# Work Problem (Block with spring)

1. Nov 16, 2009

### Chandasouk

1. The problem statement, all variables and given/known data

A spring (k=600 N/m) is at the bottom of an inclined plane that makes and angle θ=30° with the horizontal. The spring is compressed by 0.10 m and a block of mass M=2.0 kg is placed against it, as shown below. The block is then released from rest.

a) Determine the speed of the block just as it loses contact with the spring.

b) First assume that the plane is frictionless. How high up the incline ( L in the diagram) will the block travel before it stops momentarily?

c) Next you repeat the experiment, but first you roughen up the block with sandpaper so that there is now friction between the block and the plane beyond where the block leaves the spring.
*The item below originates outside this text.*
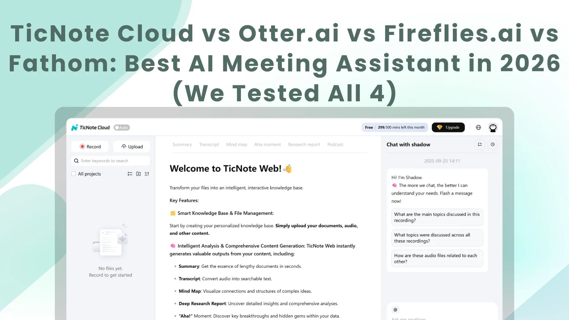 | Feature | TicNote Cloud | Otter.ai | Fireflies.ai | Fathom |

If the coefficient of friction is now μ=0.2, how high up the incline (L in the diagram) will the block travel before it stops momentarily?
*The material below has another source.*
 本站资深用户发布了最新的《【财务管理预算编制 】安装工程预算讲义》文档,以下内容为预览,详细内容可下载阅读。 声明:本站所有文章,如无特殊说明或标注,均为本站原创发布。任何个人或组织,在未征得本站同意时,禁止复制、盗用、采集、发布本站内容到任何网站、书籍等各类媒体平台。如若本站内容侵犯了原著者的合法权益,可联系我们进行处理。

For a picture of the diagram http://egp.rutgers.edu/115/115072nd1.pdf [Broken]

it is the second problem...

a) I said the Initial Uspring = Final KEf

1/2k$$\Delta$$x2=1/2mv2

1/2(600n/m)(.10m)^2=1/2(2kg)v^2

V = 1.73m/s ?

For parts b and c, i am confused because they do not give you the L, distance the block slides, or the H (the height of the inclined plane)

Last edited by a moderator: May 4, 2017
2. Nov 16, 2009

### rl.bhat

Since the angle of inclination is given, L and H are not required.
Find out which force is preventing its motion in the upward direction. In other wards, what is the component of g along the inclined plane?

3. Nov 16, 2009

### Chandasouk

Well, weight is mg and that equals (2kg)(-9.8)= -19.6N

Fn is mgcos$$\theta$$ (2kg)(9.8)cos(30) which equals 16.9N

4. Nov 16, 2009

### rl.bhat

What happens to the other component weight which acts along the surface of the inclined plane?
Then use the energy equation
1/2*m*v^2 = F*s. where s is the displacement along the inclined plane.

5. Nov 16, 2009

### Chandasouk

um, gravity's x component is

sin30*(2)(-9.8)= -9.8N or would this be positive? Is it pointing the same direction the block is moving or away?

1/2*m*v^2 = F*s

1/2(2)(1.73)^2 = (-9.8N)s

s= -0.31m

okay, i'm thinkin the -9.8N is positive because you can't travel -0.31 m but 0.31m

6. Nov 16, 2009

### rl.bhat

Here f ad s are in the opposite direction. So F.S is negative. Hence s = 0.31 m.

7. Nov 16, 2009

### Chandasouk

In my calculation of s, should I just disregard the negative sign then?

for part c

1/2mv^2 = mgh + Ff*s

1/2mv^2 = mg(sin$$\theta$$*s) + $$\mu$$mgcos$$\theta$$*s

1/2(2)(1.73)^2 = (2)(9.8)(sin30*.31)+(0.2)(2)(9.8)cos(30)*s

s=0.013m?

8. Nov 16, 2009

### rl.bhat

1/2(2)(1.73)^2 = (2)(9.8)(sin30*.31)+(0.2)(2)(9.8)cos(30)*s
It is not correct.
It should be
1/2(2)(1.73)^2 = [(2)(9.8)(sin30*)+(0.2)(2)(9.8)cos(30)]*s

9. Nov 17, 2009

### Chandasouk

Oh, you distribute out the s. Thanks. For part b though, can you explain to me how it is

1/2*m*v^2 = F*s ?

Would it not have mgh in it's final state? it did move to a higher place than it initially started right?